ドイツに在住し、実業家で環境活動家でもある「谷口たかひさ」さん。
彼が6月7日に発信したフェイスブックの記事が、周りまわって、私の携帯にも流れ着いた。
私は、彼のことは知らない。その記事の中で『茶色の朝』という寓話に出会う。
■物語のあらすじ
世界中のどこにでもあるような、とある国の物語。友人と二人でコーヒーを飲みながらおしゃべりをするのを日課にしている男がいた。ある日、主人公は、その友人が飼い犬を始末したということを聞かされる。その理由は、ただ毛色が茶色じゃなかったからだった。その国の政府は、茶色の犬や猫のほうがより健康で都市生活にもなじむという理由で、茶色以外のペットは飼わないことを奨励する声明を発表したばかり。主人公は、自分が飼っていた白黒の猫をすでに処分した後であったが、友人がその犬を始末したことに少しショックを受けた。

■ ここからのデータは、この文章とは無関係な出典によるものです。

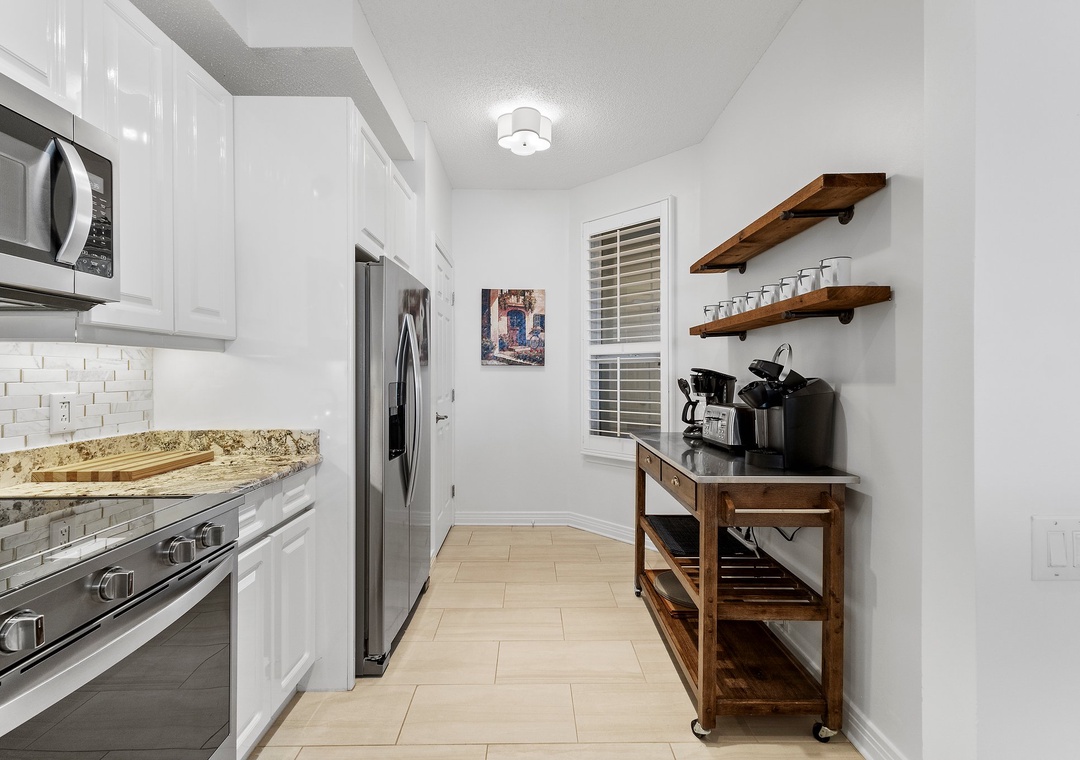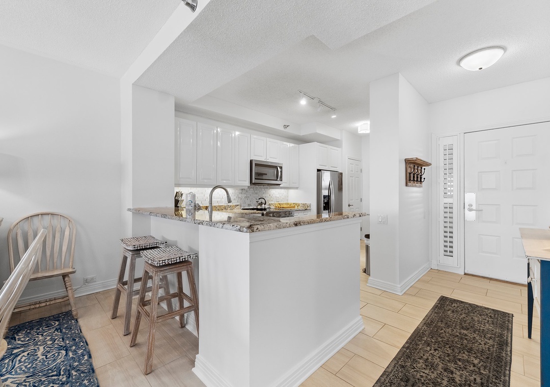 The gourmet kitchen features all the cookware, dishware, utensils, large and small appliances needed to prepare a culinary masterpiece. The dining table just off the kitchen offers seating for 6 with additional seating at the breakfast bar.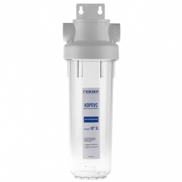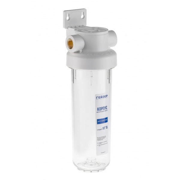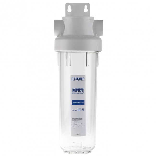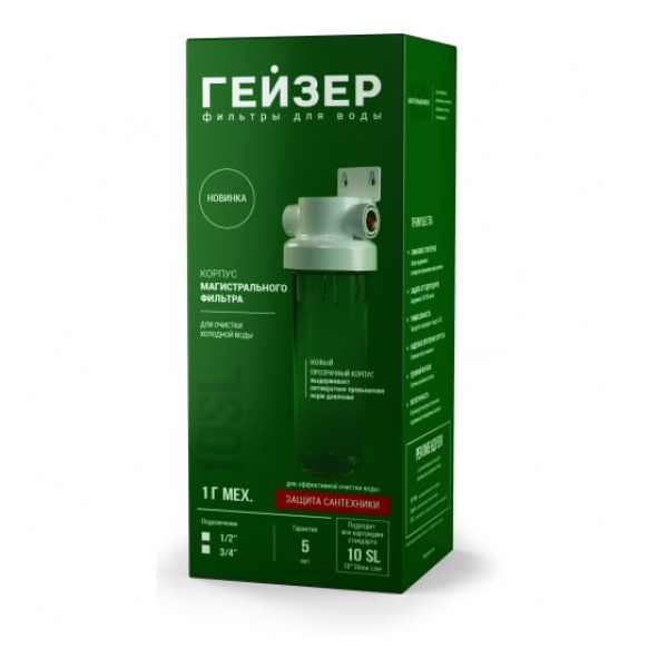 Корпус Гейзер Гарант 10 SL 1/2 прозрачный изготовлен из высокоударопрочного типа пластика пищевого класса. Обладает повышенной стойкостью к механическим повреждениям.

時は流れ、二人は日課をいつも通りつづけていたが、小さな変化が起こっていた。人々は話し方を微妙に変え、茶色以外のペットを排除する政策に批判的だった新聞は廃刊になった。それでもたいして変わらない日々の生活がつづいた。友人はあたらしく茶色の犬を、主人公も茶色の猫を飼いはじめた。でもその時には、さらに新しい状況が生まれていた。友人をはじめ、多くの人々の逮捕がはじまった。そして夜明け前-ある「茶色の朝」-主人公の家のドアをノックする音がする・・・。
彼の記事とこの寓話のあらすじを読んで感じたこと、それは、
「思考停止をやめること」
「自分の頭で考えて、自分で動いてみること」
ということ。
意見が合わないことが普通であること、それを認めていくこと、
たくさんの意見の中から、「自分」はどうなのかを考えていくこと、
そのことを発信しているのだと思う。
このことは、コロナの問題で浮き彫りになっただけで、じつは、原発も憲法も米軍基地も、やり過ごしてきたこと、見過ごしてきたことの積み重ねなのかもしれない。
どうせ世の中変わらない、変えられない、というあきらめの境地になってしまったのはいつからなのだろう。
だけれども、ここにきて変わってきているなと思うことは、オリンピック開催反対の署名活動が行われたり、看護師のオリンピック派遣反対を表明したり、そういう活動が行われていることは、結果はどうであれ、一つの意見として表明していくことの大切さを感じさせてくれる。
だから私も、たくさんの人の話を聴いて、「自分」はどうなのかを考えていきたい。
考えていかなければならないと思う。
ここのところ、私が選択している(と思っている)たくさんの対象、そして私のもとに流れてくる情報は、実はこの点で繋がっている。なんの根拠もないけれど、そういうふうに勝手に感じている。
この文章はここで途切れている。